The chief executive of the Financial Planning Association (FPA), Jo-Anne Bloch, used an address to the Conference of Major Superannuation Funds (CMSF) on the Gold Coast to call for a united approach between planners and industry funds on the delivery of quality advice to consumers.

Speaking just days after Industry Funds spokesman Garry Weaven used the conference to reinforce his calls for legislation imposing an obligation on planners to provide advice in the best interests of clients, Bloch said it was time to recognise how heavily regulated the financial advice industry was.

“Recognising that the advice industry is heavily regulated, shouldn’t we embrace the fact that there are different ways to deliver advice,” she said.

“As long as there is tough regulation and as long as there is full disclosure and transparency, consumers should be able to choose whether they need advice, whether they want advice relating to a product only, or whether they want more complex advice, which might include a whole lot more than super.”
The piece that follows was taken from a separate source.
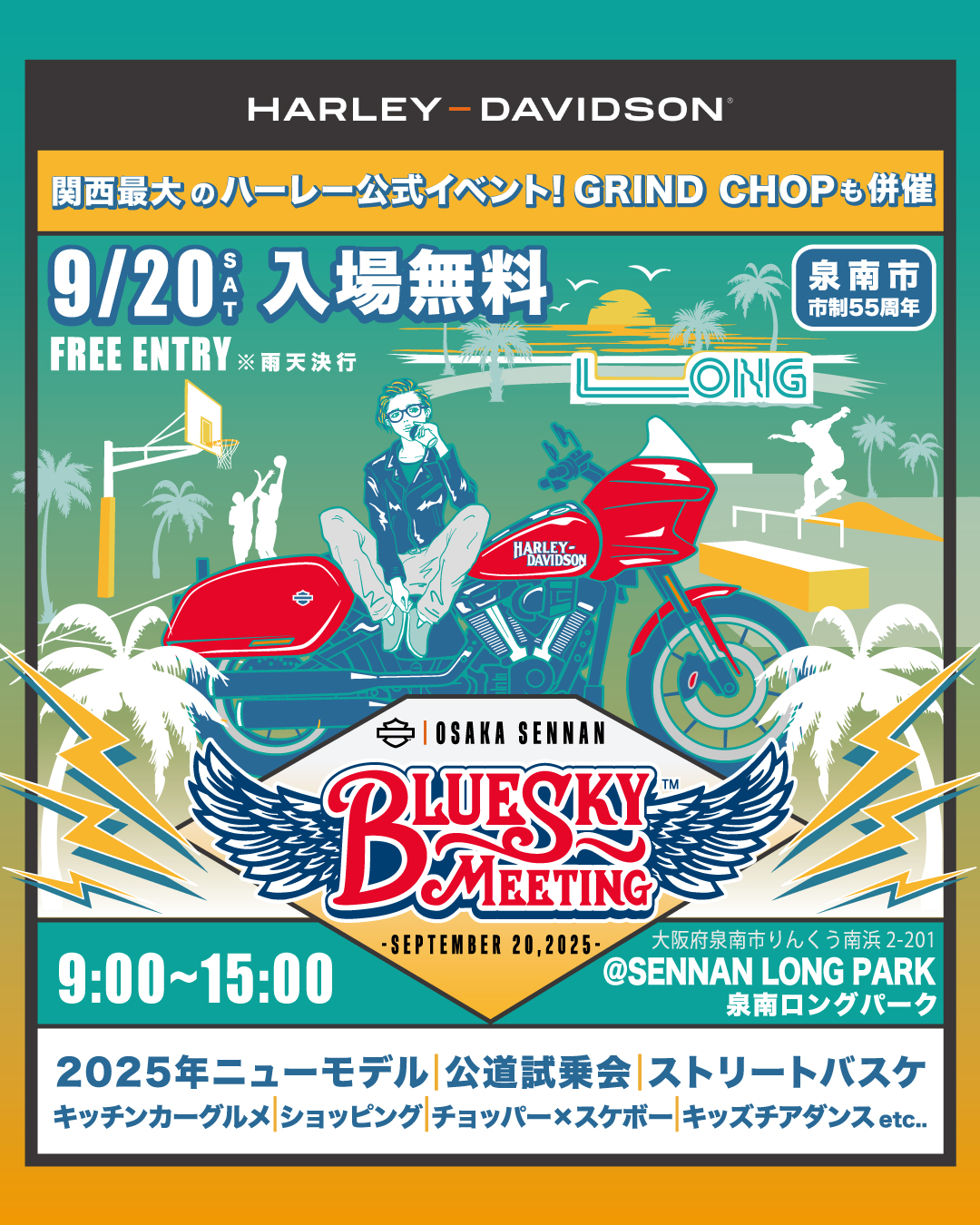 ハーレーダビッドソン ジャパン株式会社は、カルチャーイベント『BLUE SKY MEETING™ 大阪・泉南』を2025年9月20日に泉南ロングパークで開催すると発表した。

Bloch said a heavily regulated model should be capable of overcoming arguments about fees and commissions, and the real debate should now be about the delivery of advice across the industry to those who need and want it.

She said the Federal Government’s Financial Services Reform regime was working, while the FPA’s codes on soft dollars, rebates and conflicts of interest principles were effective.

“As long as there is tough regulation and as long as there is full disclosure and transparency, consumers should be able to choose whether they need advice, whether they want advice relating to a product only, or whether they want more complex advice, which might include much more than super,” Bloch said.

“Fees and commissions should feature in that choice, but not at the expense of getting advice altogether,” she said.

The chief executive of the Investment and Financial Services Association, Richard Gilbert, told CMSF delegates that Australia was confronting a supply crisis in terms of delivering advice.

“What we have in Australia is a surging demand for advice which is outpacing supply,” he said.

Like Bloch, Gilbert said the industry at large and the regulator, the Australian Securitiesand Investments Commission, needed to collaborate quickly to come up with solutions that would boost both adviser numbers and output.

“But we have continual calls to increase compliance and actually raise the quality bar,” he said. “If these calls are heeded, the shortage will become even more apparent.”

Gilbert said there were currently around 16,000 full-time equivalent planners in Australia and that the larger dealer groups were experiencing net growth of about 10 per cent in terms of planner numbers.

However, he said his contacts in the major dealer groups were repeatedly revealing that they needed more planners than were available.

Gilbert said the current recruitment bonanza would probably lead to spiralling remuneration whether via salary, flat fees, profit shares, bonuses or trails.